* [Task details] Once you reach the line with "ケーキニャンコ🍰 #ipadpro #プロクリエイト" in the material below, copy each line exactly up to and including the line with "Details: DIG Corp.", and skip the pictures.

--- Data Enclosed Below ---

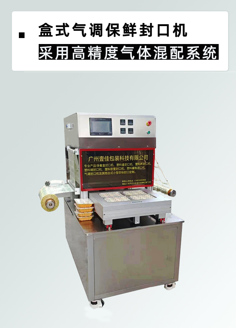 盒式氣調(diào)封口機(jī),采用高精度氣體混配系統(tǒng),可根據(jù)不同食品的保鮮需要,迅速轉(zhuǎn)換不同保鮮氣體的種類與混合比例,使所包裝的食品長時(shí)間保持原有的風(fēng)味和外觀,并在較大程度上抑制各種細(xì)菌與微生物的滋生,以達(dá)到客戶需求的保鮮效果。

--- End of Enclosed Data ---
--- Data Enclosed Below ---

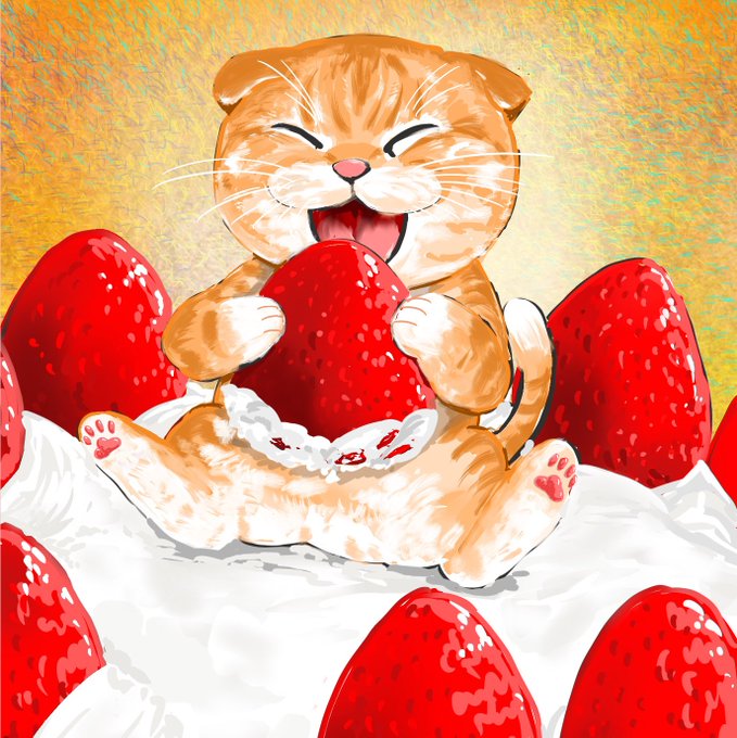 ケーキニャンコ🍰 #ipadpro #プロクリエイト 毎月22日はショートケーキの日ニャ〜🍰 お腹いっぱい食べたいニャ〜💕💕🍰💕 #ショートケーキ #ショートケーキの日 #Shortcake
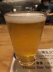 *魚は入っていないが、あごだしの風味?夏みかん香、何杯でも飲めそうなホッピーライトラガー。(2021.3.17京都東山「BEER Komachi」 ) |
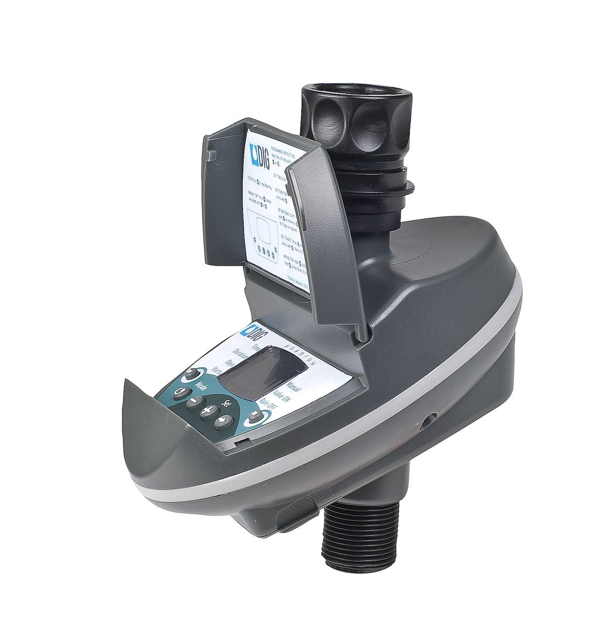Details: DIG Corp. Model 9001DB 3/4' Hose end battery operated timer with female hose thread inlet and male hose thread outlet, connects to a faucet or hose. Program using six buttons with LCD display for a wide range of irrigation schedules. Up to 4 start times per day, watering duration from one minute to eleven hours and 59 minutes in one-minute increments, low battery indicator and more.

--- End of Enclosed Data ---
--- Data Enclosed Below ---

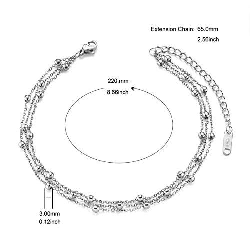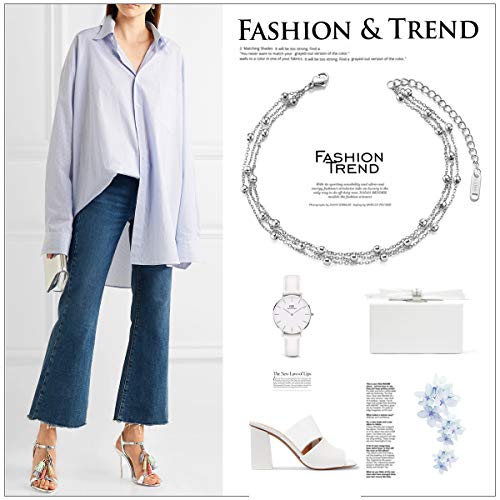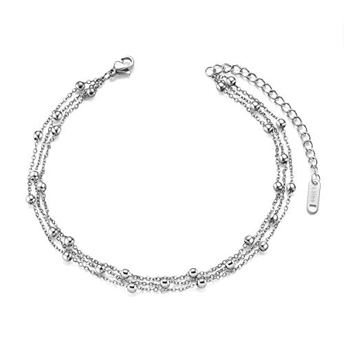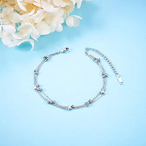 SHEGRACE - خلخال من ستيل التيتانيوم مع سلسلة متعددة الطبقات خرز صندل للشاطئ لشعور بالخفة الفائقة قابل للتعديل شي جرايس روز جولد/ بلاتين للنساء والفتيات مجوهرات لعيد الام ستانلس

--- End of Enclosed Data ---

* [Answer to this problem]
 ケーキニャンコ🍰 #ipadpro #プロクリエイト 毎月22日はショートケーキの日ニャ〜🍰 お腹いっぱい食べたいニャ〜💕💕🍰💕 #ショートケーキ #ショートケーキの日 #Shortcake
 *魚は入っていないが、あごだしの風味?夏みかん香、何杯でも飲めそうなホッピーライトラガー。(2021.3.17京都東山「BEER Komachi」 ) |
Details: DIG Corp. Model 9001DB 3/4' Hose end battery operated timer with female hose thread inlet and male hose thread outlet, connects to a faucet or hose. Program using six buttons with LCD display for a wide range of irrigation schedules. Up to 4 start times per day, watering duration from one minute to eleven hours and 59 minutes in one-minute increments, low battery indicator and more.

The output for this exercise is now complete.